Material for the task: Begin

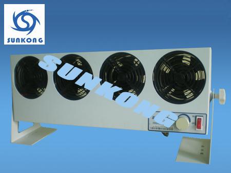 SUNKONG™  SG-8004B四头台式离子风机由四台小风机提供风力,风力大小可由调速开关在一个很大的范围内进行调节。风机可产生大量的带有正负电荷的气流,可以将物体上所带的电荷中和掉。当物体表面所带为负电荷时,它会吸引气流中的正电荷,当物体表面所带为正电荷时,它会吸引气流中的负电荷,从而使物体表面上的静电被中和,达到消除静电的目的。(机身长度可按要求定制)
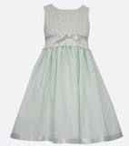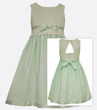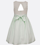 Lace over linen, a dainty satin bow, and adorable back detail, in light aqua makes this the perfect dress for every ocassion, from a tea party with friends to Easter Sunday.
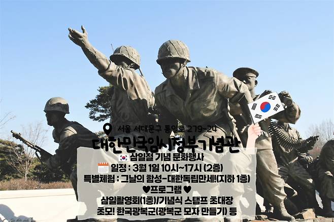 행사에는 퀴즈, 퍼즐, 무궁화 손편지 쓰기 등의 가족 단위 프로그램과 독립 기념사진 찍기, 삼일절 기념식 초대장 만들기, 광복군 모자 만들기 등의 활동적인 체험 프로그램이 포함됩니다.
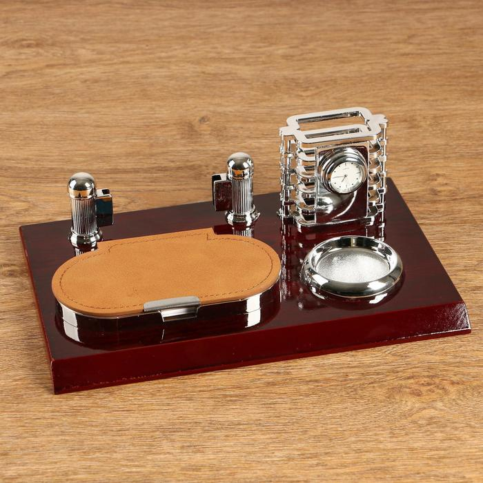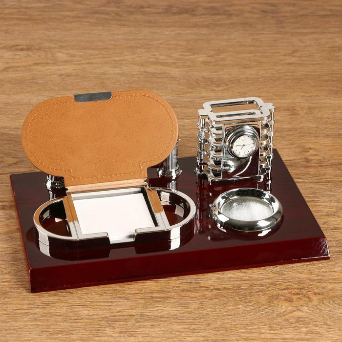 Набор настольный 4в1 с визитницей, красное дерево
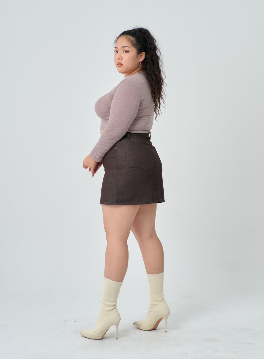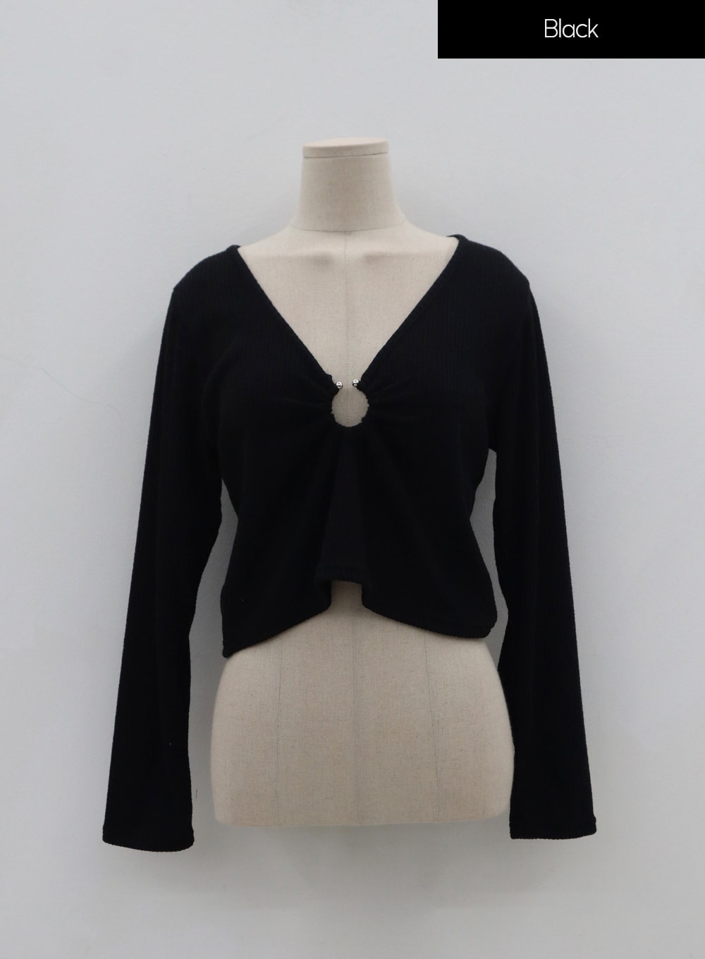 Plus Sexy V-Neck Crop Metal Ring T-Shirt IN04

Material for the task: End

Requirement:
With the pictures excluded, the records are to be reproduced exactly.

Answer to this task:
 SUNKONG™  SG-8004B四头台式离子风机由四台小风机提供风力,风力大小可由调速开关在一个很大的范围内进行调节。风机可产生大量的带有正负电荷的气流,可以将物体上所带的电荷中和掉。当物体表面所带为负电荷时,它会吸引气流中的正电荷,当物体表面所带为正电荷时,它会吸引气流中的负电荷,从而使物体表面上的静电被中和,达到消除静电的目的。(机身长度可按要求定制)
 Lace over linen, a dainty satin bow, and adorable back detail, in light aqua makes this the perfect dress for every ocassion, from a tea party with friends to Easter Sunday.
 행사에는 퀴즈, 퍼즐, 무궁화 손편지 쓰기 등의 가족 단위 프로그램과 독립 기념사진 찍기, 삼일절 기념식 초대장 만들기, 광복군 모자 만들기 등의 활동적인 체험 프로그램이 포함됩니다.
 Набор настольный 4в1 с визитницей, красное дерево
 Plus Sexy V-Neck Crop Metal Ring T-Shirt IN04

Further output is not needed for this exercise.